Every great historian revises history in his or her own way. Eric Hobsbawm replaced narratives about the making of the modern world that focused relentlessly on the political games played by powerful men with a rich tapestry of social and economic history. Gerda Lerner explained how women defied patriarchal rule with everyday acts of resistance and public confrontations. W.E.B. Du Bois, John Hope Franklin, and Ira Berlin made it impossible to write US history without understanding the pivotal role of African Americans, enslaved and free.
For nearly half a century, Eric Foner has been challenging and overturning the benighted assertions made about the most studied and contentious period in US history. Nothing has been more important to the development of American society and politics than the Civil War and Reconstruction. Yet until the 1960s, most influential scholars conceived of the era as a sad departure from America’s grand march of progress toward political liberty and economic plenty. They claimed that the “war between the states” could have been avoided if sage voices of compromise had only been able to silence the hotheaded abolitionists and their secessionist counterparts. Their view of Reconstruction tended to be even more wrongheaded, rendering a decade of biracial democracy as an era dominated by vengeful Yankees who headed south to stir up racial antagonisms, echoing the pro–Ku Klux Klan narrative of D.W. Griffith’s The Birth of a Nation.
Foner has dedicated his career to demolishing these assumptions about how the Civil War happened and how the victors shaped what came after. Inspired by the black freedom movement of the 1960s and its successors, he has demonstrated, perhaps more than any other historian of his generation, how central emancipation was to the political conflicts that eventually exploded into civil war. In his most influential work, Reconstruction: America’s Unfinished Revolution, published in 1988, he showed that the struggle for equality and freedom continued long after the Confederacy died, even if its victories were frustratingly incomplete.
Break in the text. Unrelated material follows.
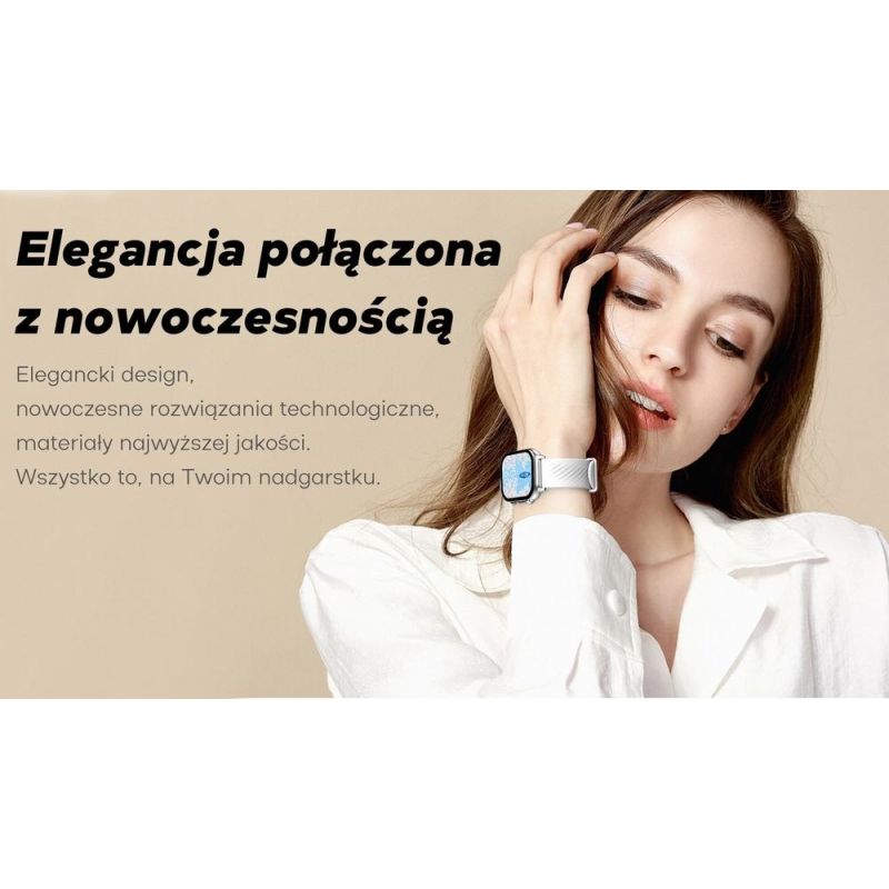 Eine moderne Smartwatch, die intelligente Technologien mit außergewöhnlichem Design vereint: Bluetooth-Anrufe, Sprachassistent, fortschrittliche Gesundheitsüberwachung und moderne Sensoren für präzise Trainingsergebnisse. Das brillante, kontrastreiche Display stellt alle Informationen klar und eindrucksvoll dar. Dank Sprachassistent und intelligenter Benachrichtigungen sind Sie immer auf dem Laufenden – egal ob beim Training, bei der Arbeit oder beim Entspannen nach einem langen Tag. Zahlreiche Sportmodi und Sensoren wie Herzfrequenzmesser, Beschleunigungsmesser und Schlafüberwachung liefern präzise Trainings- und Erholungsdaten. Unterwegs können Sie Ihr Smartphone getrost in der Tasche lassen – Bluetooth-Anrufe, integriertes Mikrofon und Lautsprecher ermöglichen Ihnen, Anrufe direkt am Handgelenk entgegenzunehmen – komfortabel und diskret. Der leistungsstarke 280-mAh-Akku bietet bis zu 5 Tage intensive Nutzung ohne Aufladen.

The Second Founding, his new book about the trio of landmark constitutional amendments all ratified less than five years after Lee’s surrender, demonstrates his talent at unearthing insights about the Civil War and Reconstruction eras, in particular how Americans defined and acted on the ideals of freedom and democracy. It’s a slim volume that synthesizes the vast library of works devoted to Reconstruction. But he uses that rich scholarship to highlight the radicalism of the 13th, 14th, and 15th Amendments and how, over the past 150 years, clever and powerful conservatives have diligently sought to undermine their egalitarian promise. As Foner reminds us, the “key elements of the second founding, including birthright citizenship, equal protection of the laws, and the right to vote, remain highly contested…. Rights can be gained, and rights can be taken away.”